=== What the task asks ===
Give again, word for word, each line below starting at the one that contains "18K Yellow Gold" and ending at the one that contains "Авторські підписи, клейма: Угорі".

=== Data under study ===
---------------

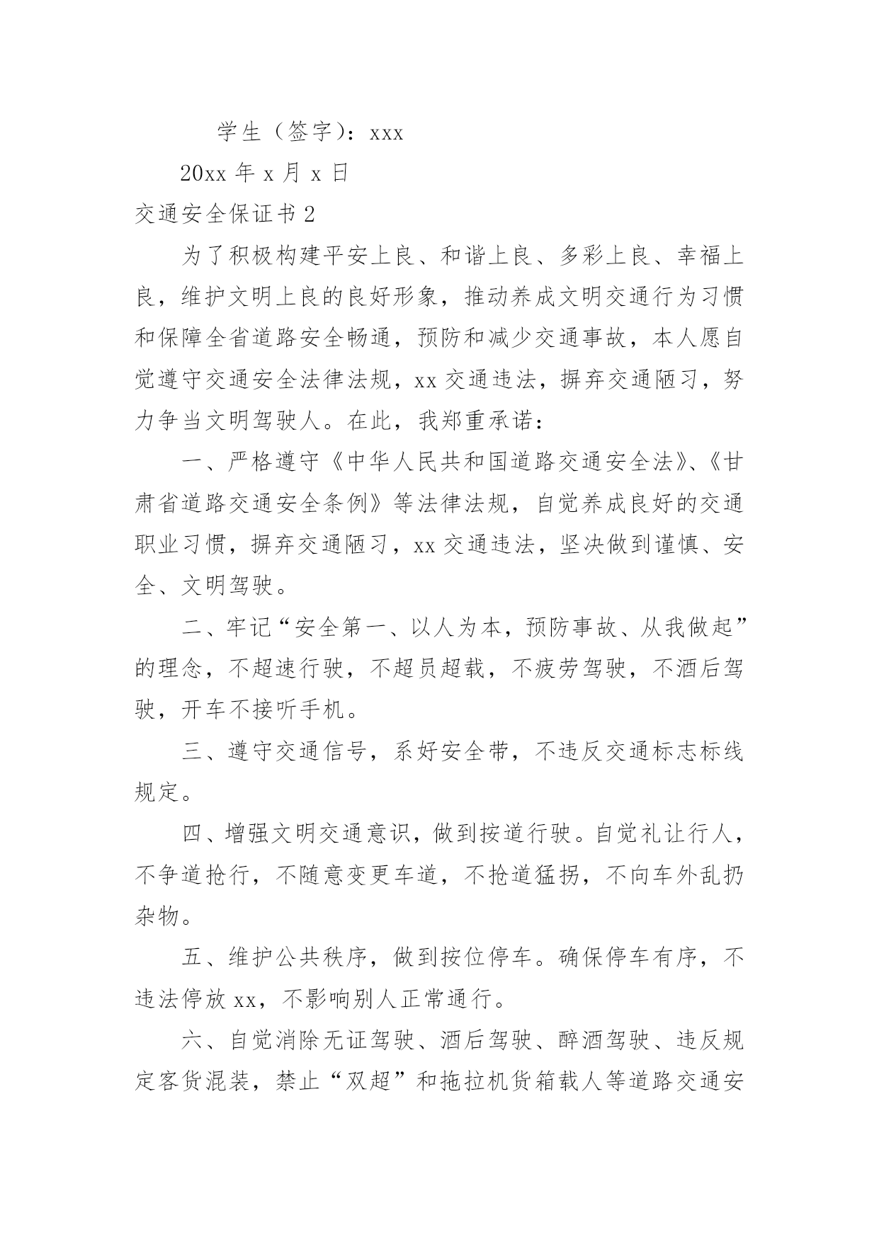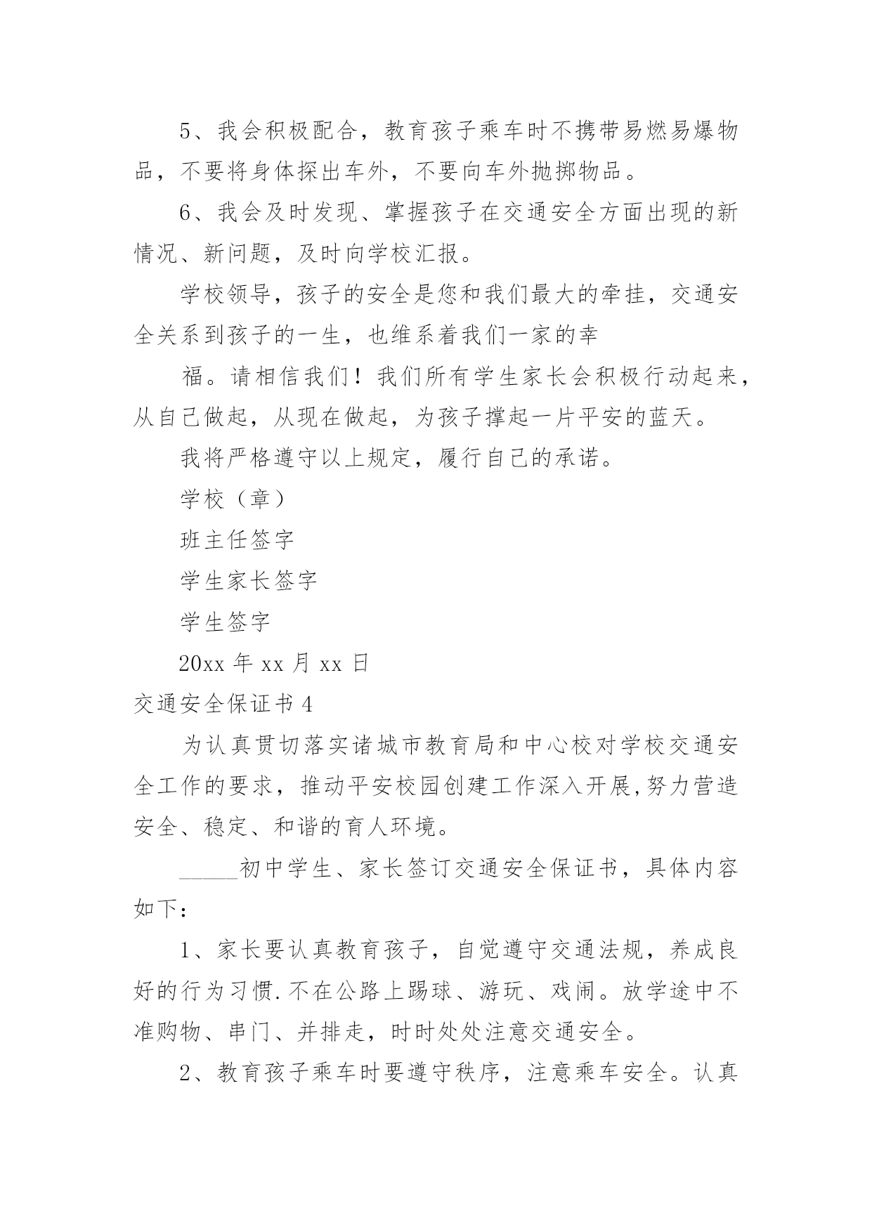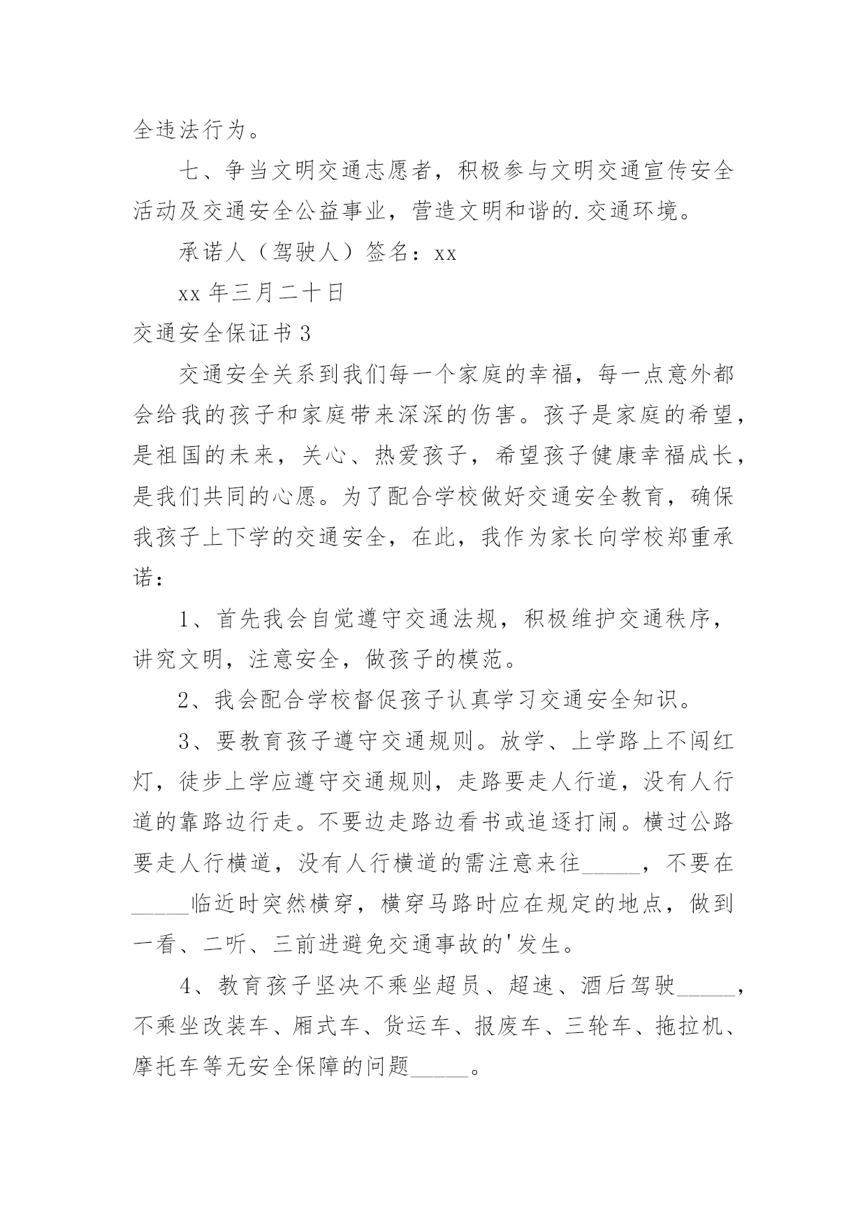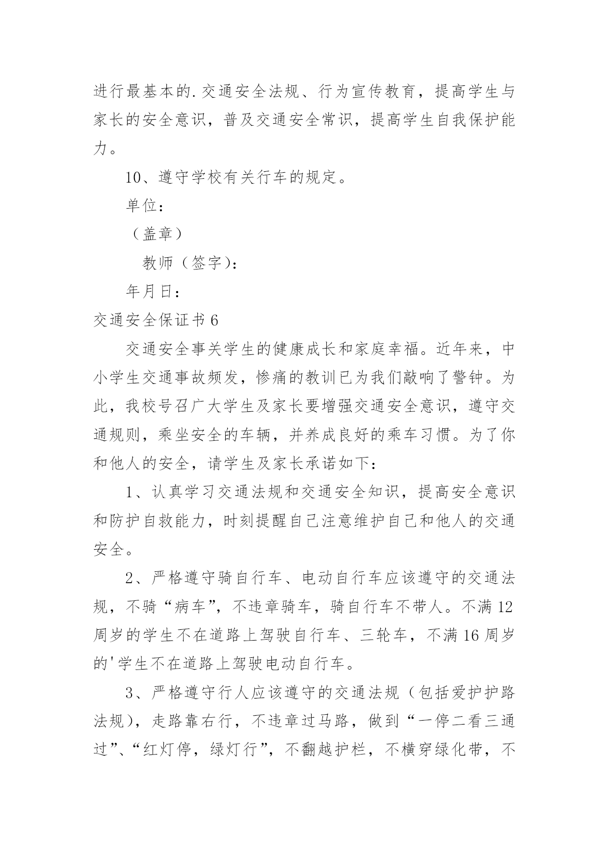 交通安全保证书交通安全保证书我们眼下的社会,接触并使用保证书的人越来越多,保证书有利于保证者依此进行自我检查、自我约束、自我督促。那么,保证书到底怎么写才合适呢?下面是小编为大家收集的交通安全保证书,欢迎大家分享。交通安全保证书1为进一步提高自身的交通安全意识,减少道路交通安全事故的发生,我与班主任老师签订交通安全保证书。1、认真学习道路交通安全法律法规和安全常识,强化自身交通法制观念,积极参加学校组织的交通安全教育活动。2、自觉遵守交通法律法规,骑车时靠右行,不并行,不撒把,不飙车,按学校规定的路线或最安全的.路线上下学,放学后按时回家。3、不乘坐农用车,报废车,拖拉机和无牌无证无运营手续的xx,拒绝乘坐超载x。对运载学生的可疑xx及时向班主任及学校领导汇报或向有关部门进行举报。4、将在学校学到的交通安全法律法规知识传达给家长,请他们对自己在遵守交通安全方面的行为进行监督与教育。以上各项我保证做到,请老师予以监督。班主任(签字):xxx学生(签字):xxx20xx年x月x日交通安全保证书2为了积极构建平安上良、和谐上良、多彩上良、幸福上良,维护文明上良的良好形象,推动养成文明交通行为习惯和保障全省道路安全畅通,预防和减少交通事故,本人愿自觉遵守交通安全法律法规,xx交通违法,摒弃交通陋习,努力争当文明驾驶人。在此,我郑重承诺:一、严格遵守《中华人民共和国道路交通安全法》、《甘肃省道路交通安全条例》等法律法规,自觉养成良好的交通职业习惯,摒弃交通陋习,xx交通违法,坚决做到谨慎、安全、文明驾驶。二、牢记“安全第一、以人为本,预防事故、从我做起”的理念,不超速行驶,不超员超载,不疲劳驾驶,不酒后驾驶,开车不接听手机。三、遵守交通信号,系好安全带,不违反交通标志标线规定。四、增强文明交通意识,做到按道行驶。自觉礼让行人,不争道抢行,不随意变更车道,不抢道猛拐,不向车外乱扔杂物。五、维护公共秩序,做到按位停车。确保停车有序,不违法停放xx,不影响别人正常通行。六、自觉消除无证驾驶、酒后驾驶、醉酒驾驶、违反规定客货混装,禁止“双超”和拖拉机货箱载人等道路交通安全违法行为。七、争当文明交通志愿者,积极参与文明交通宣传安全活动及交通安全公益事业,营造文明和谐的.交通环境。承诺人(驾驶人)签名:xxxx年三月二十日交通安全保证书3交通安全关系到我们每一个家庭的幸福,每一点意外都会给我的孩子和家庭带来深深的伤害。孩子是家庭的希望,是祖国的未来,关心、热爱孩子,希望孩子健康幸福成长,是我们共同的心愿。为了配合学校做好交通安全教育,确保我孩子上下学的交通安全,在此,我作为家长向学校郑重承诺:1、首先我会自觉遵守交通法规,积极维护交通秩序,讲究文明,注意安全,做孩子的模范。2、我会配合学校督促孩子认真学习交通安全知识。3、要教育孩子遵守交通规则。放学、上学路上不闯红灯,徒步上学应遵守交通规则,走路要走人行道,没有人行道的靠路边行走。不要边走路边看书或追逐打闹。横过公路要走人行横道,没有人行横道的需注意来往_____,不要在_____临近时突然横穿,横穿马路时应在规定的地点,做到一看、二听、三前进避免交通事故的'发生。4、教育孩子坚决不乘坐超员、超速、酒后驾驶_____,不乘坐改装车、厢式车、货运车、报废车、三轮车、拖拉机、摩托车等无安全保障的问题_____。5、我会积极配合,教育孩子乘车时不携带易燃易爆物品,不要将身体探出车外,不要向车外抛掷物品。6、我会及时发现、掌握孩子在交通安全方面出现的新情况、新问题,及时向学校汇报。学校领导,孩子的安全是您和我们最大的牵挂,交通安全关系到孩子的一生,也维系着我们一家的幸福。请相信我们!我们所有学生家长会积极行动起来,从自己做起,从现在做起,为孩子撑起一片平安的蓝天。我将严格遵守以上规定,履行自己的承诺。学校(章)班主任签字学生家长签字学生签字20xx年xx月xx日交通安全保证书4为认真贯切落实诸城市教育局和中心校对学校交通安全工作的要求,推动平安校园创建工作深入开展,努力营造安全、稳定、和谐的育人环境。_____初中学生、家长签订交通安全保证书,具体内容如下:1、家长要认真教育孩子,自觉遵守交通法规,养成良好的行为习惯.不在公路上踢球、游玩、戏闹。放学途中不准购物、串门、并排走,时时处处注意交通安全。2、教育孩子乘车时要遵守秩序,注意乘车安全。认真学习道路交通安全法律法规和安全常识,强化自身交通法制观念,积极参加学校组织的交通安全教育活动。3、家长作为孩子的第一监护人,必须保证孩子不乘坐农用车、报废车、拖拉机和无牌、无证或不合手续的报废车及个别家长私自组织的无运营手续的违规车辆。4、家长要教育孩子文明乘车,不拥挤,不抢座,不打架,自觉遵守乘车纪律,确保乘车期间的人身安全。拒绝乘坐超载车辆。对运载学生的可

---------------

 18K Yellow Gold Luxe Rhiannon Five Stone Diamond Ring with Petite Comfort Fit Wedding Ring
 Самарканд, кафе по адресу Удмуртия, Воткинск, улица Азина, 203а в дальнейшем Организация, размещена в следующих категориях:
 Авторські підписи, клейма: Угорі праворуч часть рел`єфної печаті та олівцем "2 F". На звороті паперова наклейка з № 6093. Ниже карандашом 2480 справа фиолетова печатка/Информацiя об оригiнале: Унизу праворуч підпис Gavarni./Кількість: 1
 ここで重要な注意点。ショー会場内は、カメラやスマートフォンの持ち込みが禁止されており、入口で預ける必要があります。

---------------

=== Exercise output ===
 18K Yellow Gold Luxe Rhiannon Five Stone Diamond Ring with Petite Comfort Fit Wedding Ring
 Самарканд, кафе по адресу Удмуртия, Воткинск, улица Азина, 203а в дальнейшем Организация, размещена в следующих категориях:
 Авторські підписи, клейма: Угорі праворуч часть рел`єфної печаті та олівцем "2 F". На звороті паперова наклейка з № 6093. Ниже карандашом 2480 справа фиолетова печатка/Информацiя об оригiнале: Унизу праворуч підпис Gavarni./Кількість: 1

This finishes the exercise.